古事記にも、「スサノヲ」が高天原に来て、何も悪事を働かない証拠となる心を示すようにアマテラスが要求しますが、それを「清明」という言葉で言い表わしております。それに対して、日本書紀ではどのような言葉を使って書いているのか調べてみました。そこには
“遠自來參。不意、阿姉翻起嚴顏。于時、天照大神復問曰「若然者、將何以明爾之赤心也。」”
と出ております。
“「遠くからやってきた私は思いがけなく姉上の厳しいお顔を拝見して、大変、驚いております。」と、スアノヲは言います。それに対して、アマテラスは言います。「しからば、高天原に来ても、決して、悪事は働かにという、お前の赤心<セキシン>は何を持って証明しますか」と。”
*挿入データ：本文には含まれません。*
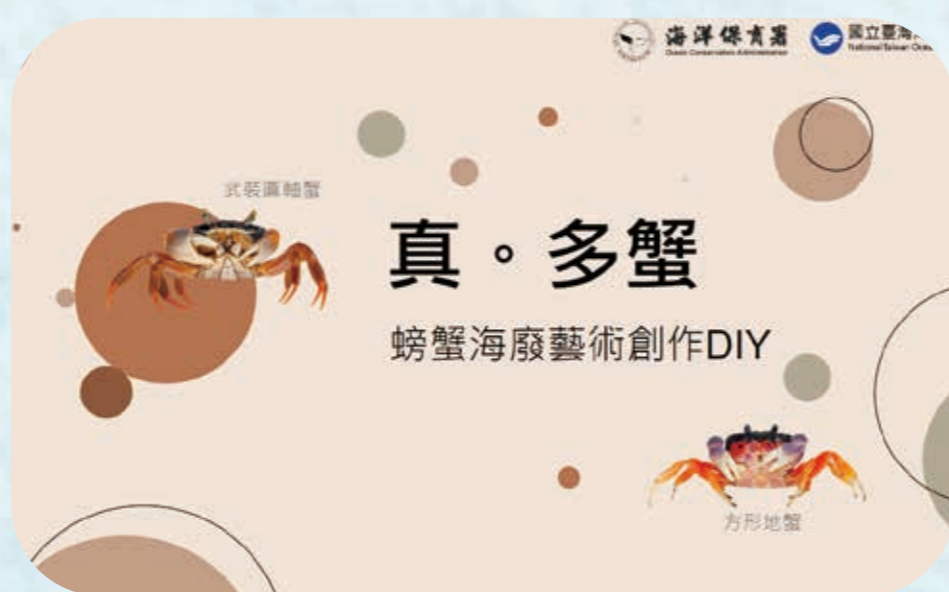
| 蟹蟹泥 |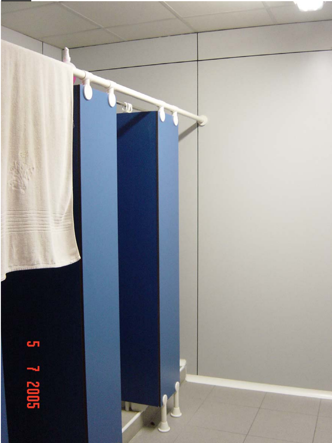
Dutxes sense ventilació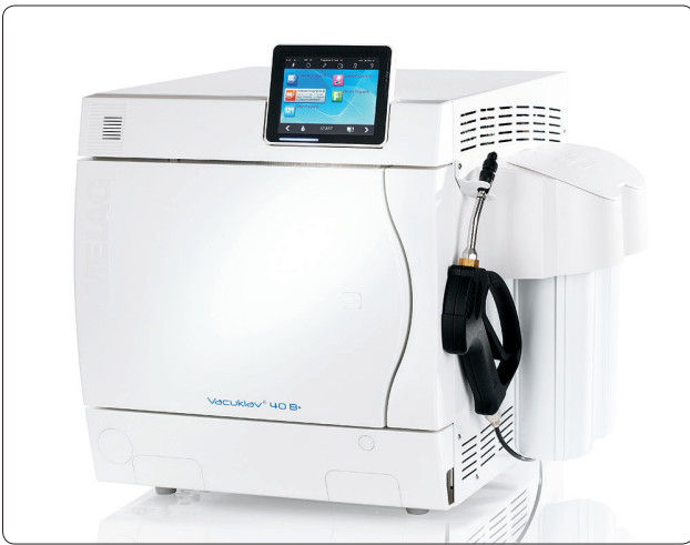
Vacuklav® 40 B+ mit MELAdem® 40 und MELAJet® Sprühpietole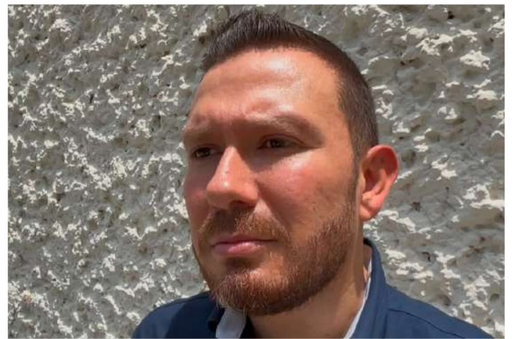
Descarta candidatura y respalda proyecto de Eduardo Ramírez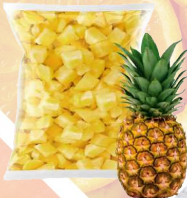
PIÑA TROZO IQF T&T 1K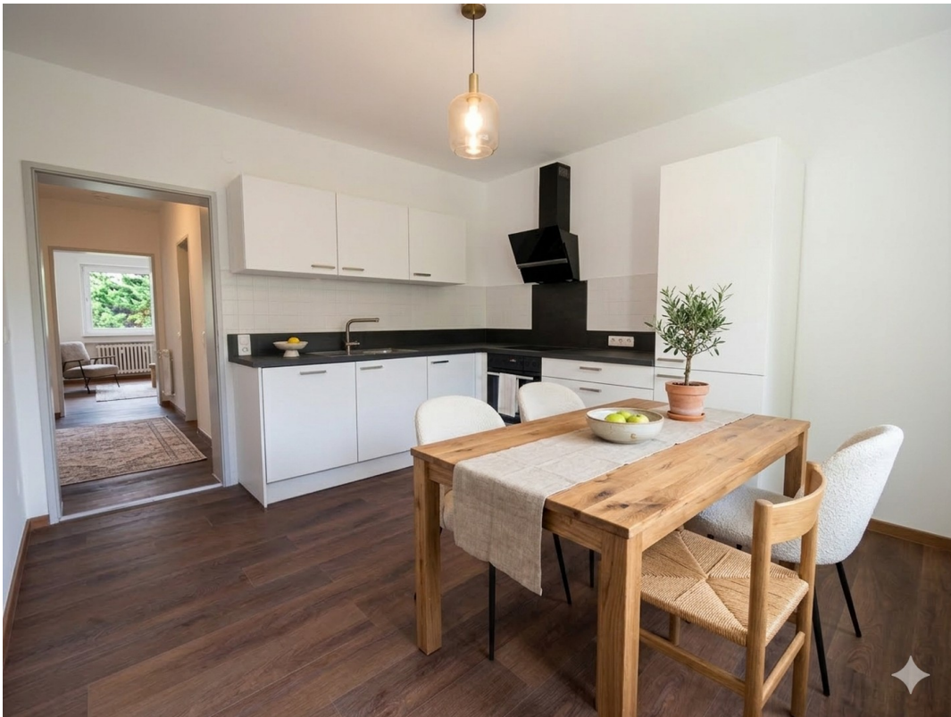
Küche/Esszimmer - kleine Wohnu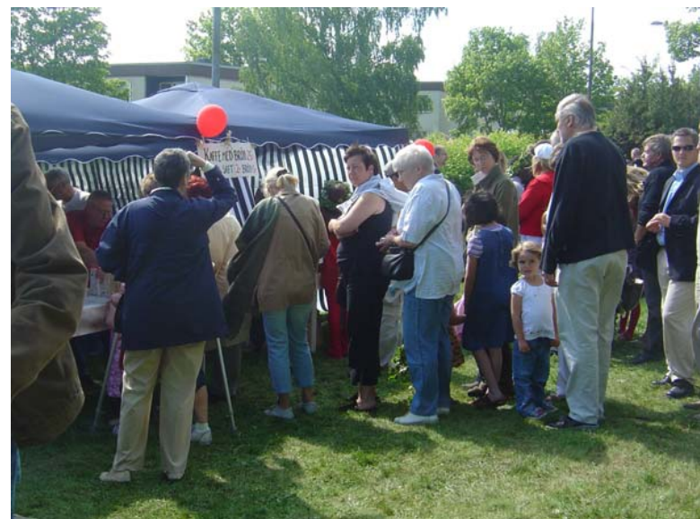
Det blir trängsel vid chokladhjulet, var så säker.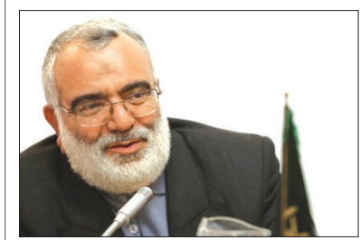
استاد اصفهان خیر داد: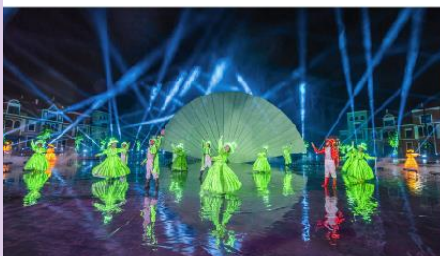
โชว์ที่ Grand World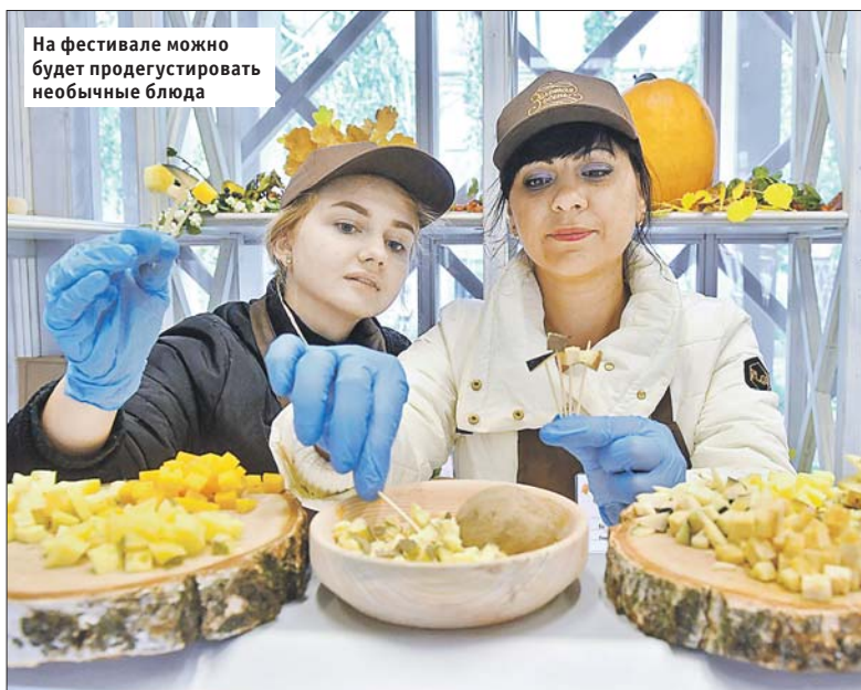
На фестивале можно будет продегустировать необычные блюда

На концертах гостей фестиваля порадуют игрой на старинных инструментах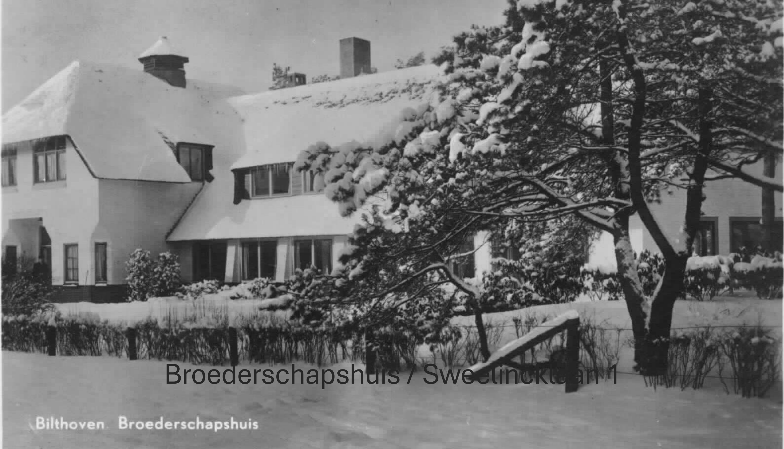
Broederschapshuis / Sweelincklaan 1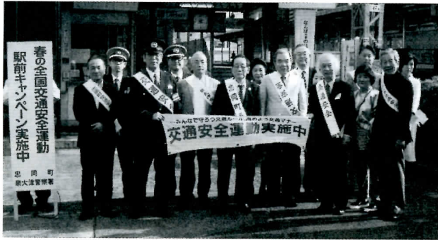
▶駅前での啓発活動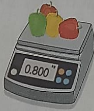
พริกหวาน 4 ลูก น้ำหนัก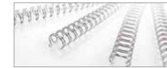
Drahtbinderücken mit 34 Ringen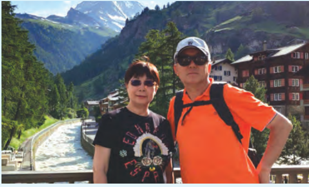
▲一條湍溪穿鎮而過，兩旁房舍卻填滿瑞士風格的高雅

走遍整個小鎮，花不了多長時間，安步當車，是遊覽策馬特的最佳方式。把觀光客拉上馬特洪山各個「樂園」的兩條纜車站和一條上山火車站就坐落在這條大約只有2000多公尺的街道上。我到策馬特是7月初，正是歐洲的旅遊旺季，路上形形色色的各國觀光客不一而足，卻完全沒有九份的壅塞與墾丁的雜沓，不禁對這個小鎮發展觀光的成熟與精緻讚嘆不已！

「將何以明爾之赤心也。」です。ここに書かれている「赤心」とはどんな心でしょうか???・古事記の「清明」とどう違うのでしょうか。「赤心<セキシン>」とは、辞書によると
「まごころ。誠意。丹心。赤誠」
とあります。
記紀にあるこの二つの言葉を比べてみますと、この時の予期せぬ、姉「アマテラス」からの言葉やその厳しい顔つきから、スサノヲの驚きの心を推し量ってみますと、書紀の言葉「赤心」の方がより的確その場の雰囲気を言い表しているのではないかと、私は書紀に軍配を上げたいと思うのですが???どうでしょう。